Frischbier H J, Wenn K
Geburtshilfe Frauenheilkd. 1985 Jul;45(7):494-6. doi: 10.1055/s-2008-1036359.
Between 1965 and 1979 vulvectomy was performed in 41 patients because of histologically demonstrated local recurrence of a vulval carcinoma after electron beam therapy. Of the patients thus treated, 36.6% survived more than 3 years and 19.5% more than 5 years. An analysis of this group of patients shows that only recurrences less than 3 cm in size have a good prognosis with secondary vulvectomy. However, even with a more severe local condition, a secondary vulvectomy is justified as a palliative.

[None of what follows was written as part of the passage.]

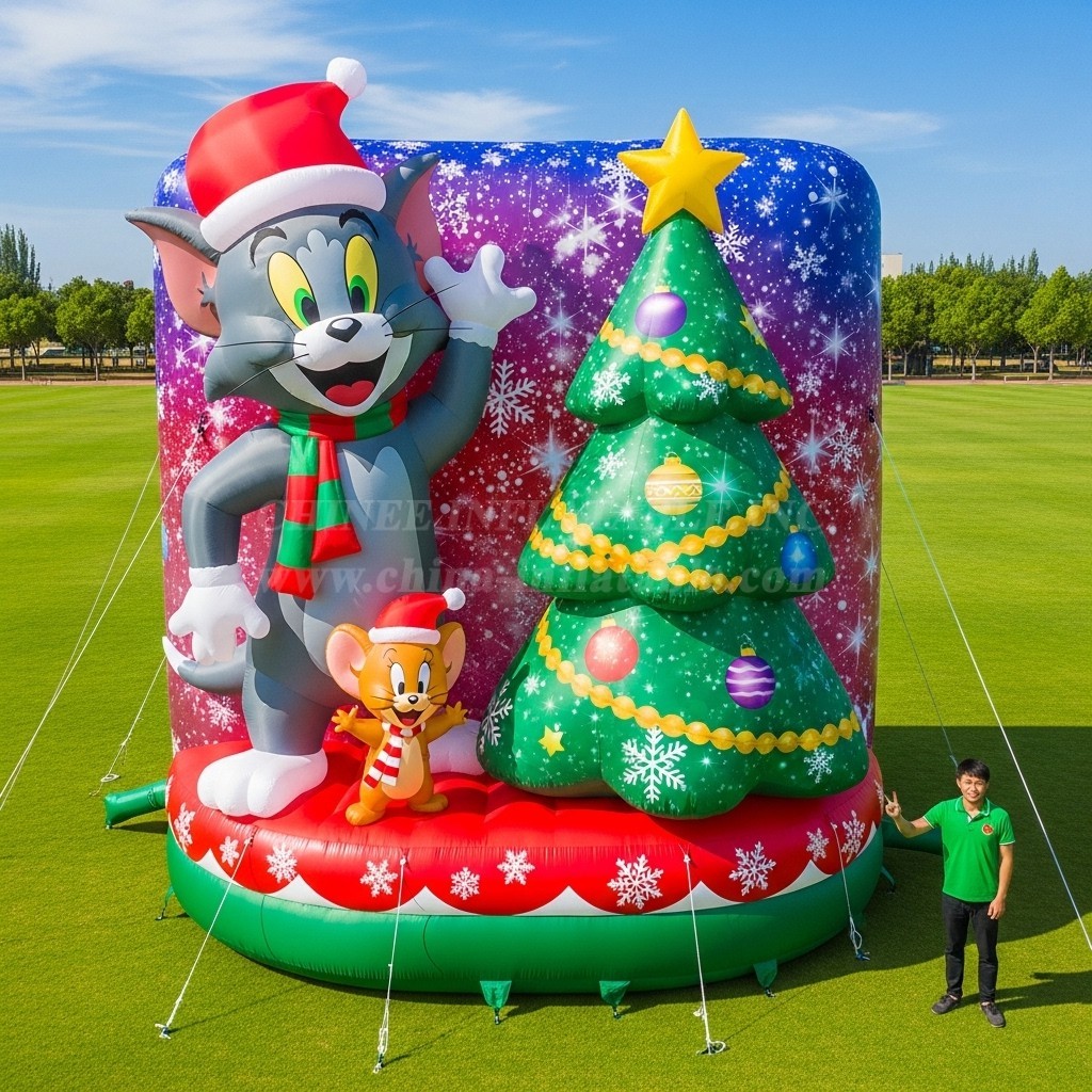Bring festive charm to your venue with the Cartoon3-559 Tom and Jerry Christmas Inflatable Cartoons by Chinee Inflatables. This eye‑catching display features cheerful characters in Santa hats beside a beautifully decorated Christmas tree topped with a star and ornaments—perfect for drawing attention at malls, town squares, winter festivals, school fairs, or rental setups. Crafted from heavy‑duty, commercial‑grade PVC tarpaulin with reinforced stitching, this unit is built to withstand repeated outdoor use while maintaining vivid color and crisp artwork.

Previous electron beam therapy does not represent an absolute contraindication to surgery, even though there may only be secondary healing in almost all cases.
1965年至1979年间,41例患者因组织学证实外阴癌在电子束治疗后局部复发而接受了外阴切除术。在接受如此治疗的患者中,36.6%存活超过3年,19.5%存活超过5年。对这组患者的分析表明,只有直径小于3 cm的复发病例经二次外阴切除术后预后良好。然而,即使局部病情更严重,二次外阴切除术作为一种姑息性手术也是合理的。既往的电子束治疗并非手术的绝对禁忌证,尽管几乎所有病例术后可能仅有二期愈合。